### Dataset extract
....................
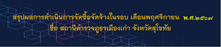 • สรุปผลการจัดซื้อจัดจ้างจำแนกข้อมูลเป็น รายเดือน เดือน พ.ย.67 ในรูปแบบไฟล์ PDF คลิ๊กที่นี่
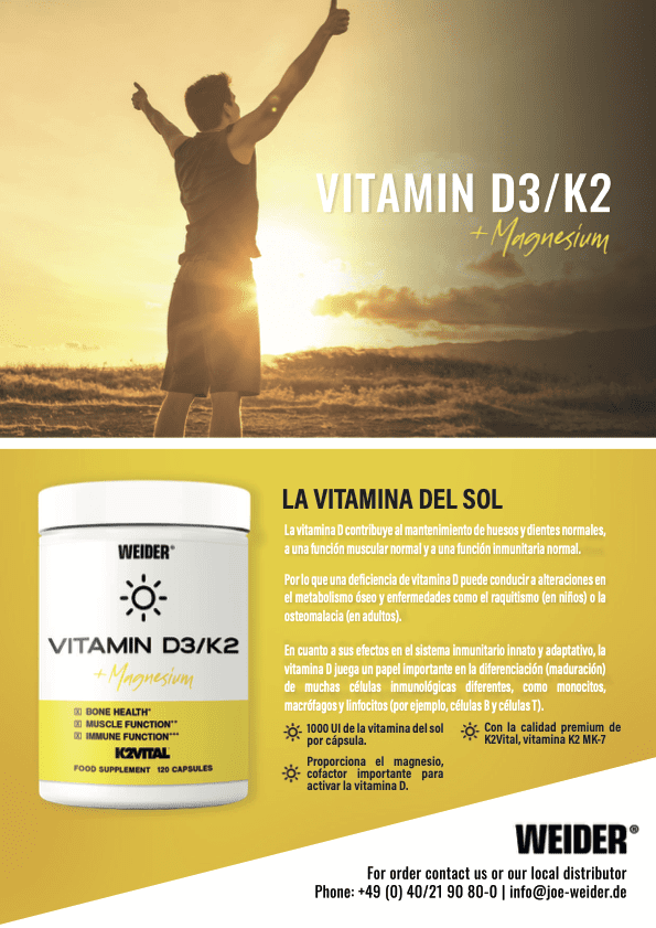 Dado que teóricamente el cuerpo humano es capaz de producir suficiente vitamina D por sí mismo, en realidad la vitamina D no es realmente una vitamina, sino una hormona. Para producir vitamina D, el cuerpo necesita tanto el colesterol precursor como la radiación UV-B del sol, y aquí es donde se vuelve difícil para la mayoría de las personas: Pasamos la mayor parte de nuestro tiempo en interiores. Cuando salimos de casa, cubrimos la mayoría de nuestra piel productora de vitamina D con ropa. Durante el verano, usamos protector solar para protegernos de los efectos potencialmente dañinos del sol, ¡y así inhibimos la síntesis de vitamina D! Aparte de eso, tanto nuestra edad como nuestro tipo de piel tienen una gran influencia en nuestra producción de vitamina D. En la mayoría de las partes de Europa, el ángulo con el que el sol alcanza la Tierra es demasiado bajo, lo que significa una exposición insuficiente a los rayos UV-B para la síntesis de vitamina D. Un cielo nublado también impide una radiación UV-B además, los alimentos ricos en vitamina D son raros por lo que obtener vitamian D a través de los alimentos apenas es posible y se recomienda la sumplementación de la misma. La vitamina D contribuye al mantenimiento de huesos y dientes normales, a una función muscular normal y a una función inmunitaria normal. Por lo que una deficiencia de vitamina D puede conducir a alteraciones en el metabolismo óseo y enfermedades como el raquitismo (en niños) o la osteomalacia (en adultos). En cuanto a sus efectos en el sistema inmunitario innato y adaptativo, la vitamina D juega un papel importante en la diferenciación (maduración) de muchas células inmunológicas diferentes, como monocitos, macrófagos y linfocitos (por ejemplo, células B y células T). En WEIDER, nuestra misión es proporcionarte los mejores suplementos nutricionales para que puedas rendir al máximo, vivir una vida saludable y alcanzar tus metas personales. Con más de 85 años de experiencia en esta industria, hemos comprendido la importancia de utilizar solo ingredientes de la mayor calidad y confianza en todos nuestros productos.
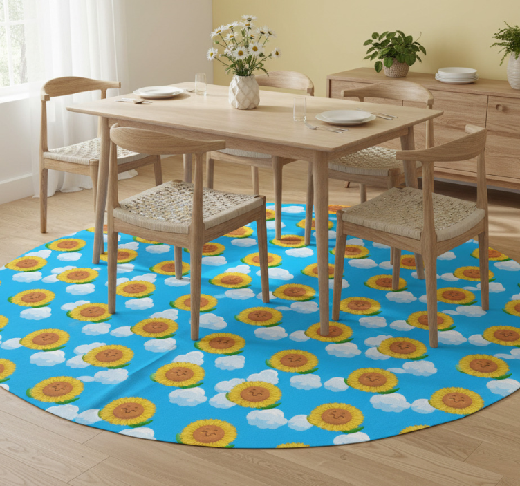 Alfombra vinílica flores flor amarilla sonriente en el cielo
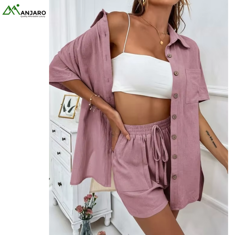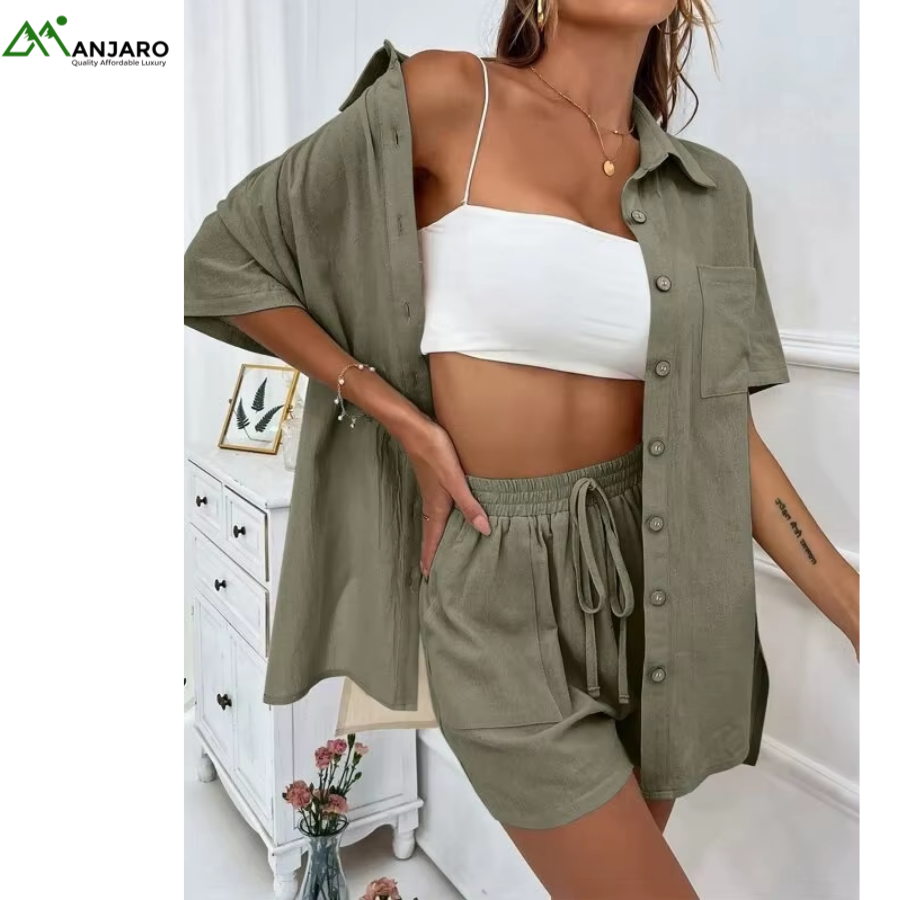 Made from a premium linen-cotton blend, this lightweight set ensures breathability and softness, perfect for hot summer days, casual outings, or holiday trips. The minimalist solid color design and practical pocket details make this outfit both functional and stylish.
....................
### Exercise requirements
Make an exact copy of the listing. Do not carry over its pictures.

### Output for this exercise
 • สรุปผลการจัดซื้อจัดจ้างจำแนกข้อมูลเป็น รายเดือน เดือน พ.ย.67 ในรูปแบบไฟล์ PDF คลิ๊กที่นี่
 Dado que teóricamente el cuerpo humano es capaz de producir suficiente vitamina D por sí mismo, en realidad la vitamina D no es realmente una vitamina, sino una hormona. Para producir vitamina D, el cuerpo necesita tanto el colesterol precursor como la radiación UV-B del sol, y aquí es donde se vuelve difícil para la mayoría de las personas: Pasamos la mayor parte de nuestro tiempo en interiores. Cuando salimos de casa, cubrimos la mayoría de nuestra piel productora de vitamina D con ropa. Durante el verano, usamos protector solar para protegernos de los efectos potencialmente dañinos del sol, ¡y así inhibimos la síntesis de vitamina D! Aparte de eso, tanto nuestra edad como nuestro tipo de piel tienen una gran influencia en nuestra producción de vitamina D. En la mayoría de las partes de Europa, el ángulo con el que el sol alcanza la Tierra es demasiado bajo, lo que significa una exposición insuficiente a los rayos UV-B para la síntesis de vitamina D. Un cielo nublado también impide una radiación UV-B además, los alimentos ricos en vitamina D son raros por lo que obtener vitamian D a través de los alimentos apenas es posible y se recomienda la sumplementación de la misma. La vitamina D contribuye al mantenimiento de huesos y dientes normales, a una función muscular normal y a una función inmunitaria normal. Por lo que una deficiencia de vitamina D puede conducir a alteraciones en el metabolismo óseo y enfermedades como el raquitismo (en niños) o la osteomalacia (en adultos). En cuanto a sus efectos en el sistema inmunitario innato y adaptativo, la vitamina D juega un papel importante en la diferenciación (maduración) de muchas células inmunológicas diferentes, como monocitos, macrófagos y linfocitos (por ejemplo, células B y células T). En WEIDER, nuestra misión es proporcionarte los mejores suplementos nutricionales para que puedas rendir al máximo, vivir una vida saludable y alcanzar tus metas personales. Con más de 85 años de experiencia en esta industria, hemos comprendido la importancia de utilizar solo ingredientes de la mayor calidad y confianza en todos nuestros productos.
 Alfombra vinílica flores flor amarilla sonriente en el cielo
 Made from a premium linen-cotton blend, this lightweight set ensures breathability and softness, perfect for hot summer days, casual outings, or holiday trips. The minimalist solid color design and practical pocket details make this outfit both functional and stylish.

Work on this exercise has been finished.